There's almost certainly a bit of politicalfeeling that in top-line confidence numbers.
The NZ Institute of Economic Research - which has its Quarterly Survey of Business opinion due tomorrow - has done research which shows that historically confidence levels are lower when Labour Governments are in power.
The September ANZ Business Outlook Survey saw headline confidence fall two points to the lowest level since April 2008.
But it's not top line business confidence that is worrying economists.
It is firms assessment of their own immediate outlook.
These are typically a bit more upbeat. And they also correlate more accurately with real data.
There are a number of strong correlations within the survey, ANZ chief economist Sharon Zollner argues.
These included employment intentions with employment, investment intentions with investment and own activity with GDP.
In the latest ANZ survey, firms' expectations for their own activity over the year ahead fell one point, the fourth fall in a row, and the lowest read since April 2009.
Employment intentions saw a one-point gain but remain at a historically low level.
A net 40 per cent of firms said they expect it to be tougher to get credit, up 1 per cent.
Export intentions rose three points to a net 2 per cent of firms expecting exports to lift.
This was quite muted considering the size of the fall in the exchange rate, Zollner said.
So that's not great, but also not a massive slump.
"The Reserve Bank will be disappointed that its unexpectedly large 50bp cut in the Official Cash Rate last month does not appear to have had much impact on business' sentiment or investment and employment intentions."
Fundamentally the economy was still in good shape, she said.
"Commodity prices are still decent; population growth is positive; monetary conditions have eased. But the prolonged lack of confidence is starting to feed its way through the economy and is threatening the tight labour market."
It's important to put this survey in context.
Forces on the left and right of the political spectrum tend to have difficulty doing that.
ANZ has been one of the gloomiest economic research units this year, but it is not picking that New Zealand is heading for recession.
It currently sees growth bottoming out at about 1.9 per cent next year and although there may be a risk of further downward revision most economists see higher growth than that.

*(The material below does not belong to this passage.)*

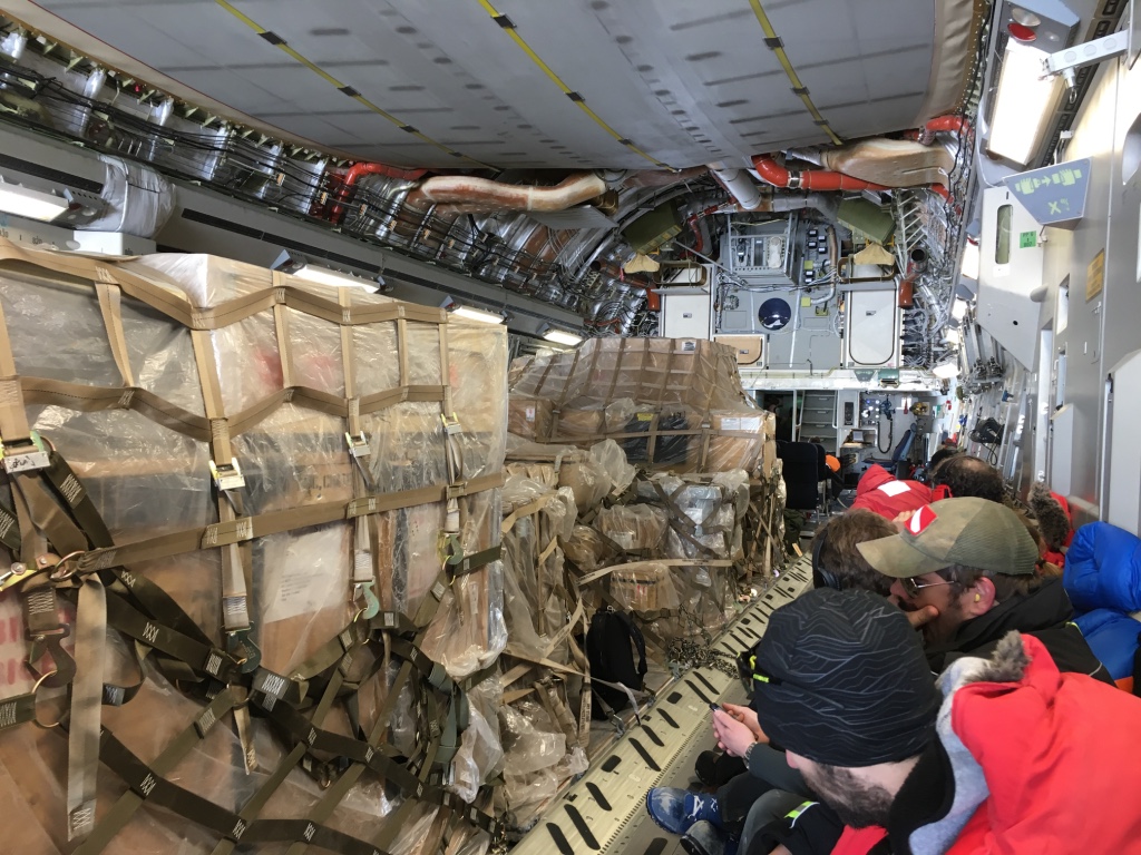 Kate Miller: "The C-17 might be bigger and faster than the C-130, but it's still not built for comfort." McMurdo Station, Antarctica.

One positive note in the latest survey was that construction sector employment intentions had bounced back, Zollner noted.
Construction accounts for 9 per cent of employment.
"But, there is still no sector of the economy that reports on net that it is planning on hiring more staff – that hasn't happened since 2009," she said.
"And the services sector, which employs a hefty 74 per cent of people across the economy, is now also capitulating. This gradual but prolonged economic slowdown is at risk of ceasing to be about the data and starting to become about the people."
ASB economist Mark Smith warns that its not just business that is gloomy.
"Consumer sentiment is at four-year lows, weighed by softening views on the NZ short-term and longer-term economic outlook," he notes.
"Domestic catalysts (including possible business unease over government policy direction) look to have contributed to the grumpy mood within the business community."
But that isn't unique to New Zealand with business outlook in Australia's National Australia Bank survey currently at five-year lows.
The NZIER will tomorrow publish its Quarterly Survey of Business Opinion.